The engine maintains a catalog of 42 named scenarios organized into 6 categories, each calibrated from real-world events. For every scenario, the system uses DeepSeek AI to identify which portfolio vendors would be impacted, then calculates expected losses using severity-based loss factors, duration-based business interruption windows, and coverage limit scaling.

Key capabilities include:

42 pre-defined scenarios across systemic infrastructure, targeted attacks, supply chain, financial/regulatory, and AI/emerging threat categories
AI-powered vendor matching using DeepSeek to classify which portfolio companies are exposed to each scenario
Multi-tier impact analysis covering direct (L1) and indirect (L2/L3) supply chain dependencies
Loss factor modeling expressing severity as a fraction of coverage limit (0.0 to 1.0)
Duration-based interruption windows from 6 hours to 4,320 hours per scenario

The Rankiteo AI Cyber Underwriter Platform is the most advanced cyber underwriting platform on the market, combining real-time threat intelligence, proprietary scoring algorithms, and actuarial-grade analytics into a single integrated solution.

2. Scenario Catalog

The catalog contains 42 named scenarios organized into 6 categories.
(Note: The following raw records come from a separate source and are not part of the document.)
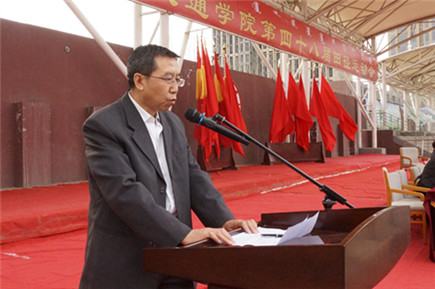 黨委副書(shū)記、紀(jì)委書(shū)記白托婭代表學(xué)院黨政領(lǐng)導(dǎo)致開(kāi)幕詞。她說(shuō),一年一度的田徑運(yùn)動(dòng)會(huì)是學(xué)院貫徹“立德樹(shù)人”教育思想,全面落實(shí)素質(zhì)教育,響應(yīng)團(tuán)中央“走下網(wǎng)絡(luò)、走出宿舍、走向操場(chǎng)”倡議的重要載體,是對(duì)全院群眾性體育工作成果和師生員工運(yùn)動(dòng)水平的一次檢閱,也是對(duì)廣大師生員工競(jìng)爭(zhēng)意識(shí)、團(tuán)隊(duì)精神、頑強(qiáng)意志的一次考驗(yàn),更是全院師生員工精神風(fēng)貌的一次全面展示,已經(jīng)成為校園生活的重要組成部分。高等學(xué)校作為國(guó)家高層次人才培養(yǎng)的重要基地,同學(xué)們的體質(zhì)與健康事關(guān)國(guó)家和民族的未來(lái)。她號(hào)召大家,要以此次運(yùn)動(dòng)會(huì)為契機(jī),繼續(xù)廣泛開(kāi)展“陽(yáng)光體育”,積極倡導(dǎo)“三走”,多種方式加強(qiáng)校園體育文化建設(shè),積極營(yíng)造人人關(guān)心、人人參與體育活動(dòng)的氛圍,我們堅(jiān)信,在學(xué)校黨委和學(xué)院黨委的堅(jiān)強(qiáng)領(lǐng)導(dǎo)下,我院全體師生員工將以更加健康的體魄,更加昂揚(yáng)的姿態(tài),更加飽滿(mǎn)的熱情投入到學(xué)院各項(xiàng)事業(yè)的建設(shè)中來(lái)!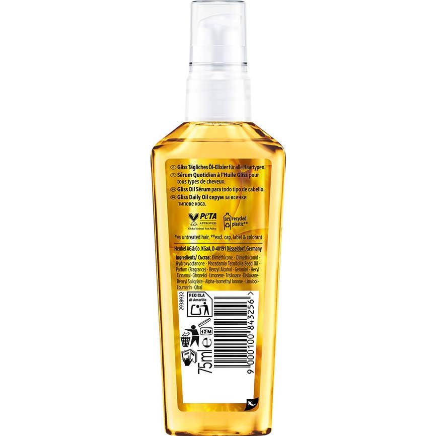 Schwarzkopf Gliss Daily Oil Sérum, con un formato de 75 ml, es un producto diseñado para el cuidado diario del cabello. Su fórmula ligera proporciona una nutrición eficaz sin dejar sensación de pesadez. Es apto para todo tipo de cabellos, destacándose por su contenido de Aceite de Argán, que otorga suavidad y luminosidad.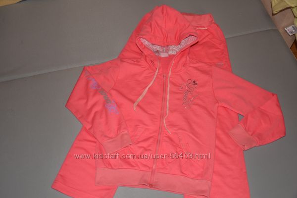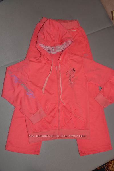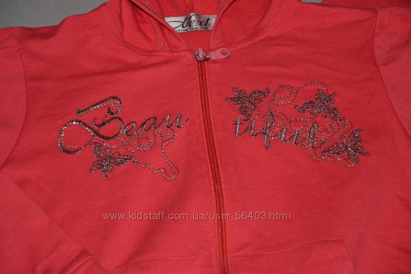 Фото 1-4 Спортивный костюм светло красного цвета, трикотаж. Украшен стразами и принтом. Состояние на 4 - есть катышки. Цена 100 грнБрюки: длина 79 см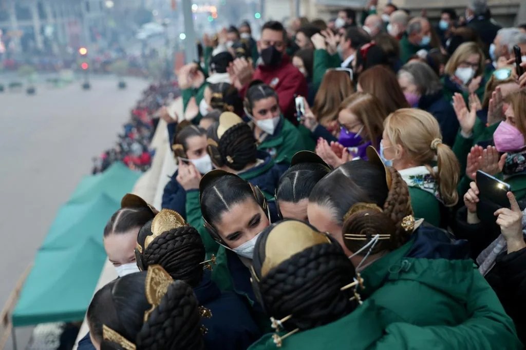 27/02/2022. J. Meneses. De buena mañana, las Falleras Mayores de València 2022, acompañadas de sus Cortes de Honor realizaban la tradicional bendición de “Els Trons de Bac” a Santa Bárbara en la Iglesia de San Juan del Hospital. Para seguidamente iniciar la “Despertà” infantil y acontinuación la de los mayores que arrancanba desde el Parterre y recorrá la calle de la Paz y San Vicente finalizando en la plaza del Ayuntamiento con una apoteosis a cargo de Pirotecnia Valenciana.
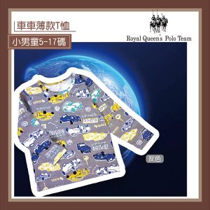小男童 車車滿版薄長袖T恤 灰色 圓領 [A1273] RQ POLO 小童 秋冬童裝 5-17碼 台灣現貨 跑車老爺車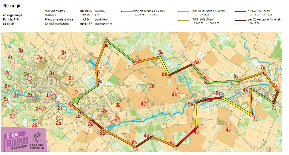 | Secības nr | KP nr | Laiks | Punkti | Kopējie punkti | Posma laiks | Kopējais laiks | Posma distance | Kopējā distance | min/km | min/pts | Vieta etapā |

Each scenario is defined by a unique identifier, a loss factor (severity), a duration (hours of business interruption), and a description of the threat vector. Scenarios are calibrated from historical events and industry threat intelligence.
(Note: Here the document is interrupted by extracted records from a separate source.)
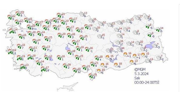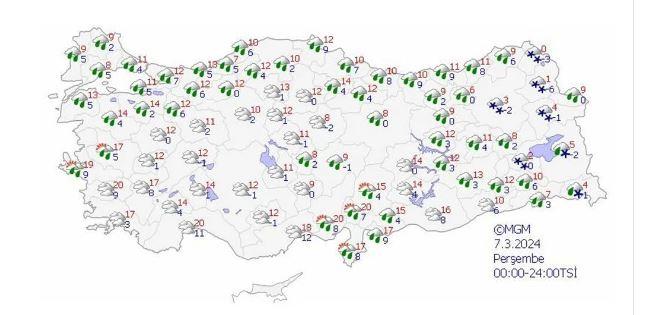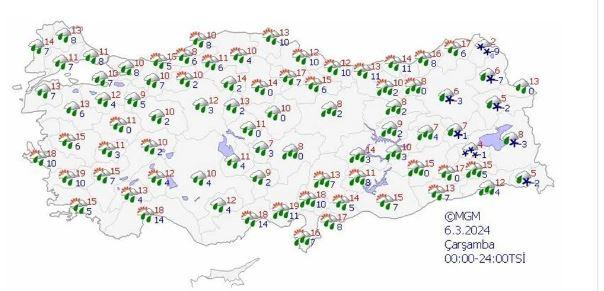 16 kent için de sarı ve turuncu kodlu uyarı verildi. Yağışların kıyı Ege, Batı Akdeniz kıyıları ile Adana ve Mersin çevrelerinde yer yer kuvvetli olması beklendiğinden yaşanabilecek olumsuzluklara karşı vatandaşların dikkatli ve tedbirli olunması istendi.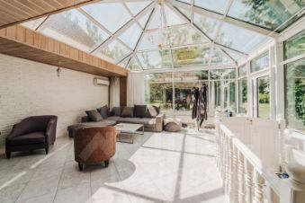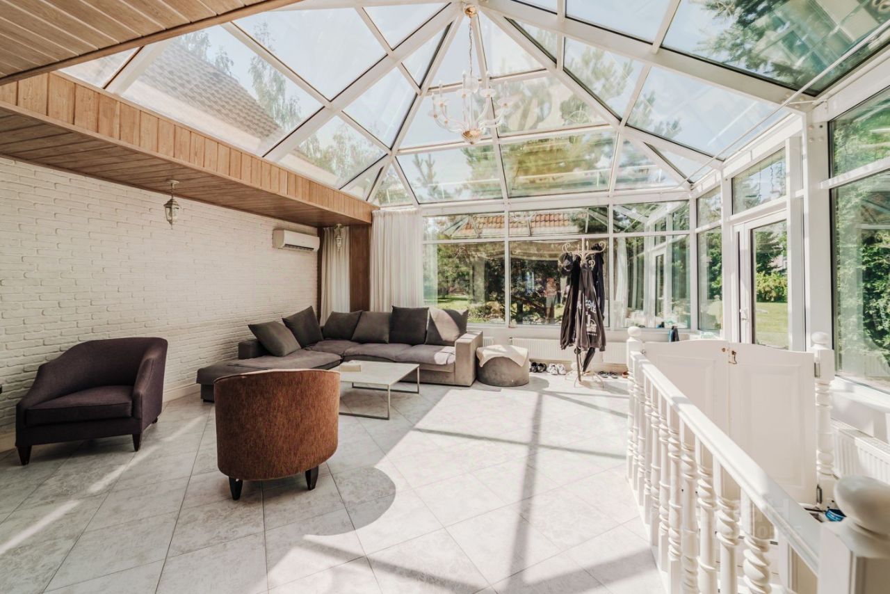 Основной дом очень светлый, красивая зона отдыха с панорамным остеклением, кухня с кладовой. В доме 4 спальные комнаты, с гардеробными и ванными комнатами, в цоколе, располагаются комнаты для хранения. Дом обставлен красивой, дорогой мебелью, техника премиальных брендов.
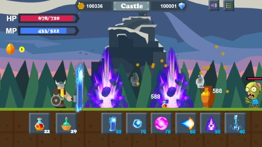 Viking Town had been invaded by three powerful ancient demons and their slaves. The king was old, and his power was not enough, so he call all the heroes together and you are one of them. Tomorrow you will be on the road to fight for your town.Do not ruin your honor, hero! Fight!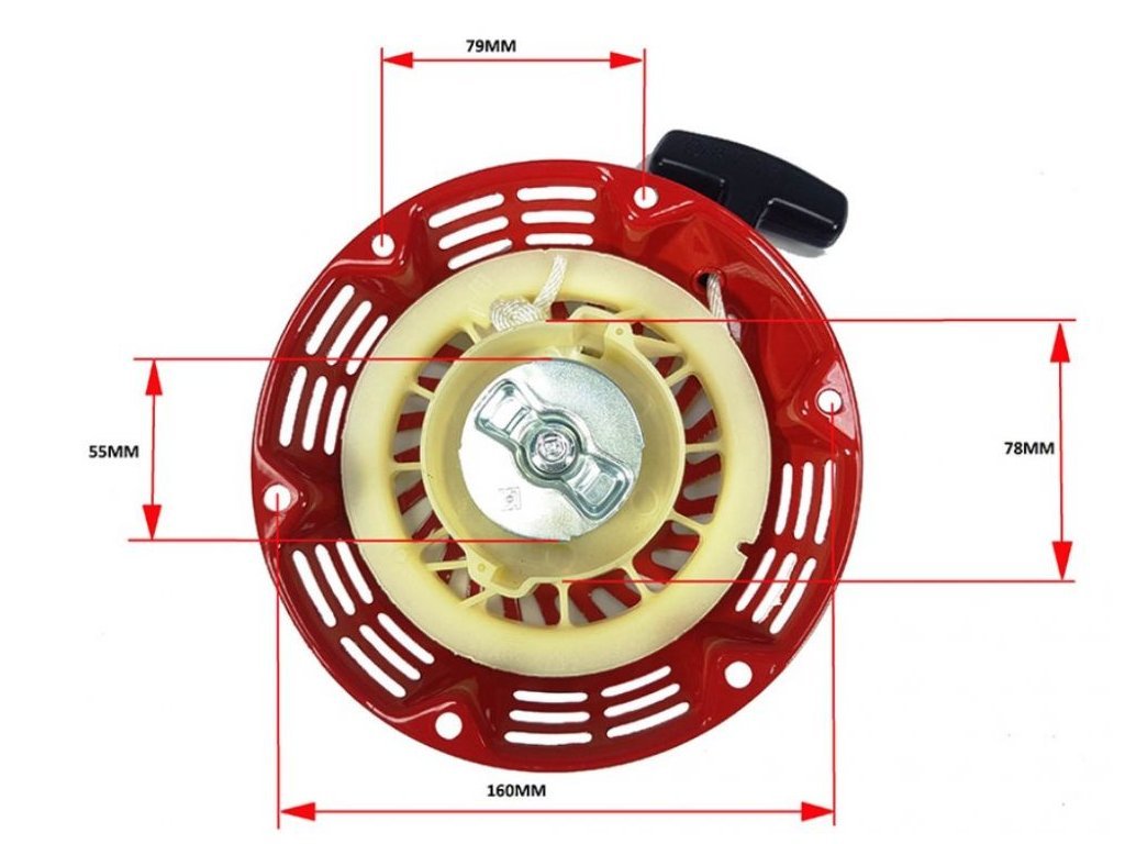 Nový náhradní startér pro většinu čtyřtaktních benzinových motorů, pasuje do většiny strojů a zařízení s kapacitou 2-3,7kW např. do motorů Honda (GX140, GX160 a GX200) a jiné.. Nejčastěji se používají v generátorech, vibračních deskách, čerpadlech, frézách...

2.1 Systemic Infrastructure (7 Scenarios)

These scenarios model failures in shared digital infrastructure that affect multiple organizations simultaneously.
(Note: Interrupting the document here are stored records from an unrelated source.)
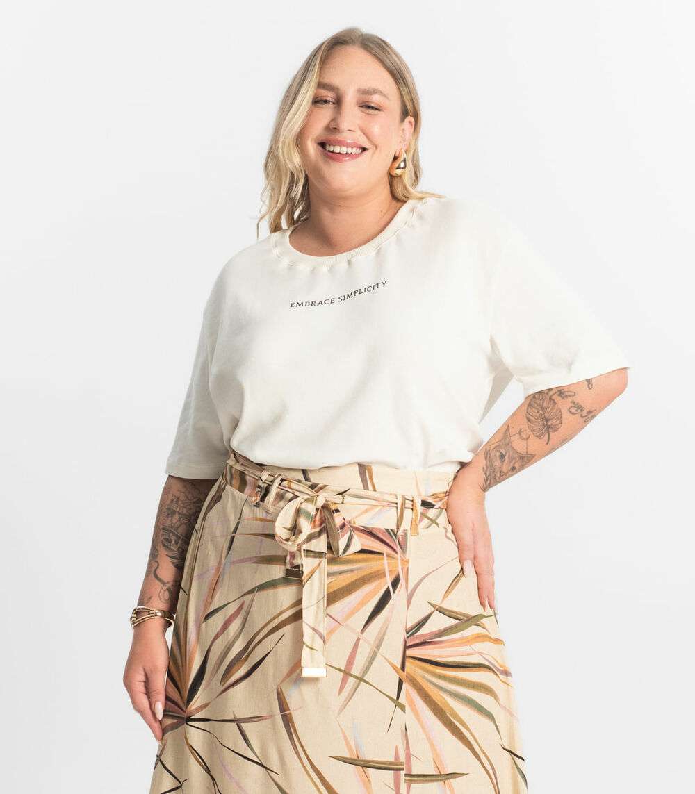 T- Shirt Feminina Plus Size Secret Glam Bege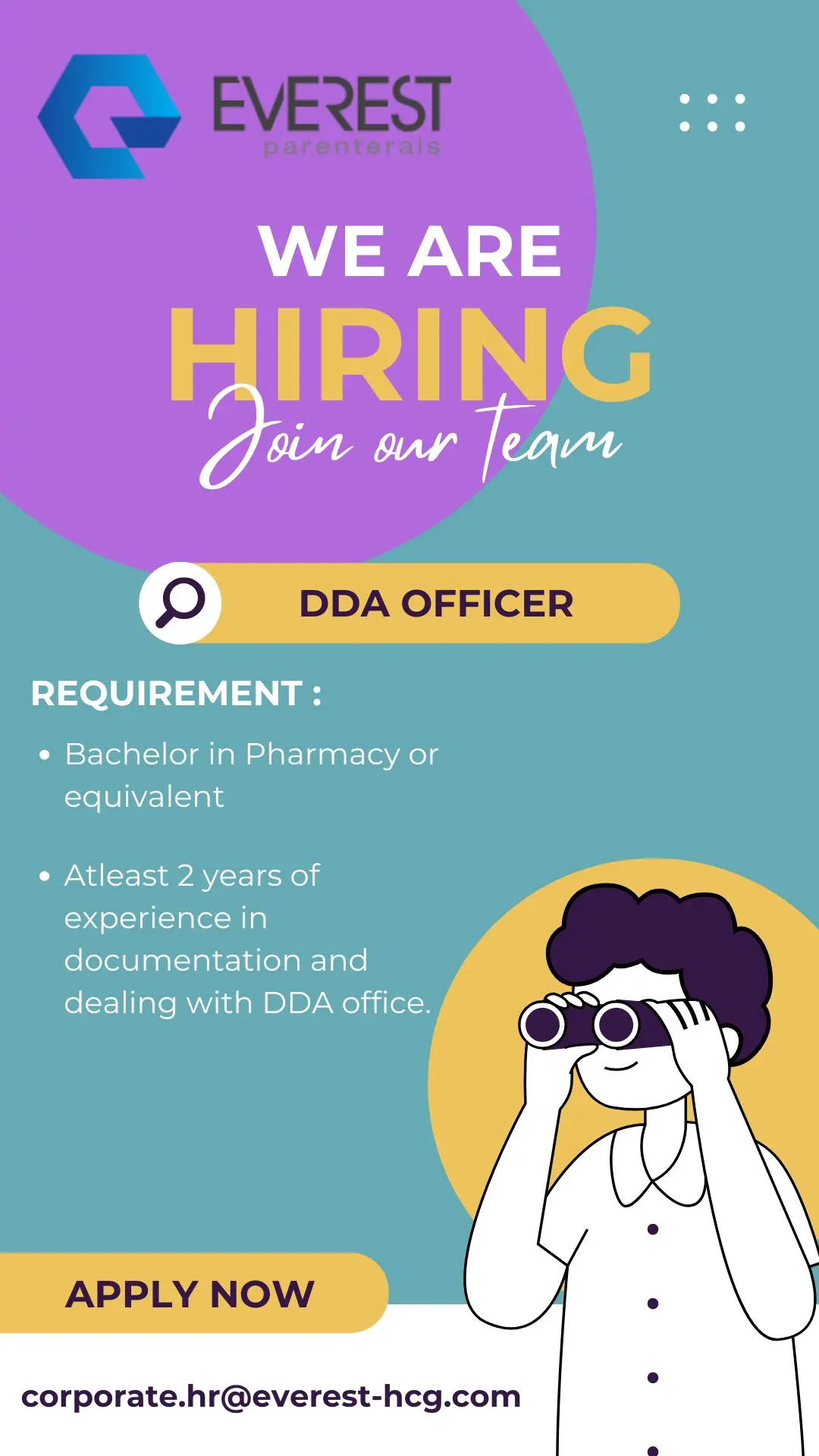 DDA Officer Job for B Pharm Graduates with 2+ Years Experience | Everest Parenterals – Apply Now
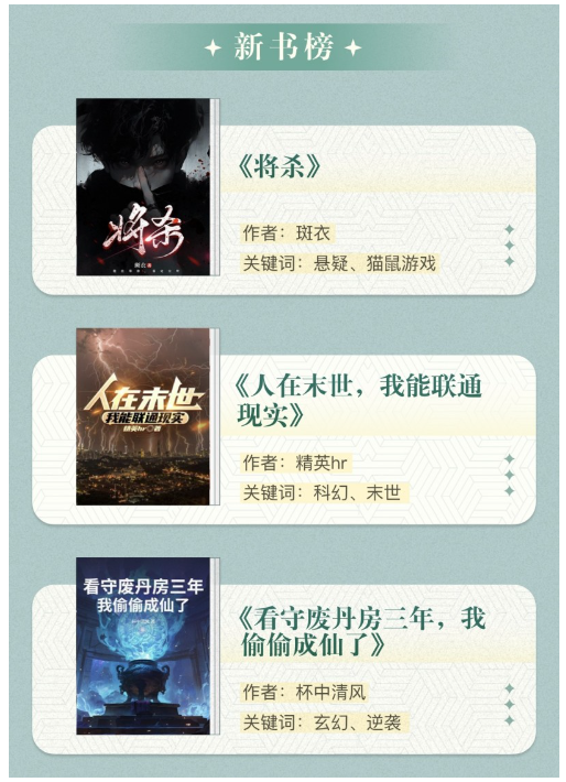 在新書(shū)榜中,三部新作使用了創(chuàng)新的敘事與結(jié)構(gòu)。懸疑探案作品《將殺》設(shè)定主角患上“間歇性失憶癥”形成“不可靠敘事”,引導(dǎo)讀者在反轉(zhuǎn)中重構(gòu)對(duì)人物與案件的認(rèn)知;《人在末世,我能聯(lián)通現(xiàn)實(shí)》以獨(dú)特的雙時(shí)空設(shè)定突破傳統(tǒng)末世題材的敘事窠臼,構(gòu)建出跨越十余年時(shí)空的協(xié)作與互助框架;《看守廢丹房三年,我偷偷成仙了》巧妙融合修仙元素與現(xiàn)代網(wǎng)文爽感邏輯,使故事呈現(xiàn)獨(dú)特節(jié)奏和層次感。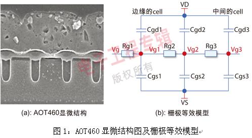通常從外部來看,MOSFET是一個獨立的器件,事實上,在其內部,由許多個單元(小的MOSFET)并聯組成,圖1(a)為AOT460內部顯微結構圖,其內部的柵極等效模型如圖1(b)所示。MOSFET的結構確定了其柵極電路為RC網絡。

Scenario	Loss Factor	Duration (hrs)	Description
Cloud Provider Outage	`0.30`	48	Major cloud provider (AWS/Azure/GCP) experiences extended regional outage
CDN/DNS Failure	`0.20`	12	Critical CDN or DNS provider failure disrupting internet-facing services
SaaS Platform Outage	`0.25`	24	Widely-used SaaS platform (e.g., Salesforce, Microsoft 365) goes offline
Internet Backbone	`0.15`	8	Major internet backbone or IX disruption affecting routing
Payment Processor	`0.35`	6	Critical payment processing infrastructure failure
Data Center Disaster	`0.35`	96	Physical destruction of major data center facility (fire, flood, power)
Subsea Cable	`0.15`	336	Subsea communications cable severed, affecting regional connectivity

2.2 Targeted Cyber Attacks (15 Scenarios)

These scenarios model intentional cyber attacks targeting specific sectors, technologies, or organizations.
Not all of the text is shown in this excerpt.